Probabilities are reported for each awareness rating and for each line length condition. When participants (n = 16) rated “no experience” (PAS1), they did not perform statistically different from chance level. As awareness increased (PAS2-4), the probability of correct classification of lower/upper line longest conditions increased, and a bias for reporting the upper line as the longest was seen when the Kanizsa illusion was present. The bias was most clearly seen when the lower line was the longest and when the lines were equally long, possibly due to a ceiling effect when the upper line was longer. Error bars represent 95% Confidence intervals.
Taken together, the analyses showed that taking into account whether the Kanizsa illusion was presented did not influence length comparison response on a trial by trial basis when participants report PAS1, i.e.”no experience”. In contrast, when participants reported vague or clearer experiences (PAS2-4), the illusion influenced the length comparison response. The illusory contours of the Kanizsa triangle thus had an impact on the magnitude of the Ponzo illusion even when participants reported seeing only a weak glimpse of the stimulus. This result is unlikely if the report of a “weak glimpse” was a result of participants perceiving only individual features or fragments of the illusion inducers.
Experiment 2
A chi-squared hypothesis test showed a clear overall effect of illusion longest (Chi2 (12) = 171.6, p < .001, Fig 3). For PAS 1, there was no significant effect of illusion (Chi2 (3) = 1.4, p = .45)) and when the lines were of equal length, the estimate of the odds ratio for choosing the upper line as the longest between illusion and control was 0.84 (95%-CI: 0.61;1.16) which implies that there was no significant difference when participants compared equal lines under the two conditions. For PAS 2–4 there was a clearly significant effect of illusion (for all tests, Chi2 (3) > 35.5, p < .001) The estimates of the difference in odds for choosing the upper line as the longest between illusion and control for all three ratings (PAS 2: 1.29 (95%-CI: 1.05;1.57), PAS 3: 1.27 (95%-CI: 0.94;1.70), PAS 4: 1.56 (95%-CI: 0.88;2.78)) indicate that participants reported the upper line to be longest more under the illusion condition when comparing objectively equal lines for PAS 2 but not significantly so for PAS 3–4. One can notice that the estimates indicate a similar effect to PAS 2 and Experiment 1, but that the confidence intervals are wider. When comparing objective performance, participants performed at chance level for PAS 1: 47.63% (95%-CI: 41.78;53.55%). For all other ratings participants, participants again performed significantly better than chance (PAS 2: 66.19% (95%-CI: 61.65;70.45%), PAS 3: 76.95% (95%-CI: 72.88;80.56%), PAS 4: 91.32% (95%-CI: 88.77;93.34%))

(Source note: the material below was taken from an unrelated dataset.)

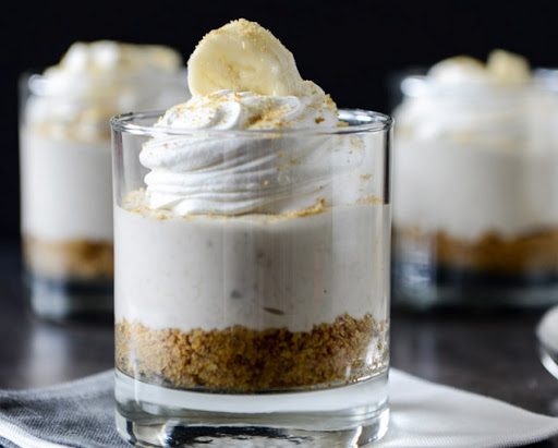 In the bowl of an electric mixer, beat cream cheese smooth, scraping down the sides when needed. Add in mashed banana and beat until completely combined. With the mixer on low speed, slowly drizzle in the condensed milk and then the coconut milk, continuing to scrape down the sides until the mixture is very smooth. Add in vanilla extract and stir until combined. Place some sliced bananas on top of each graham crust, then pour the cheesecake mixture evenly into the 4 glasses or jars. Refrigerate for 4-6 hours.

Probabilities are reported for each awareness rating and for each line length condition. When participants (n = 30) rated “no experience” (PAS1), they did not perform statistically different from chance level. As awareness increased (PAS2-4), the probability of correct classification of lower/upper line longest conditions increased and a bias for reporting the upper line as the longest was seen when the Kanizsa illusion was present. The bias was most clearly seen when the lower line was the longest and when the lines were equally long, possibly due to a ceiling effect when the upper line was longer. Error bars represent 95% Confidence intervals.
The analyses showed that taking into account whether the Kanizsa illusion was presented did not influence the direction pressed on a trial by trial basis when participants reported ‘no experience’. When participants reported vague or clearer experiences (PAS2-4), the illusion influenced the direction. In other words, the illusory contours of the Kanizsa triangle again had an impact on the magnitude of the Ponzo illusion when participants reported seeing only a weak glimpse of the stimulus. This result is consistent with the results of experiment 1, but would be unexpected if the report of a “weak glimpse” was a result of participants perceiving only individual features or fragments of the illusion inducers.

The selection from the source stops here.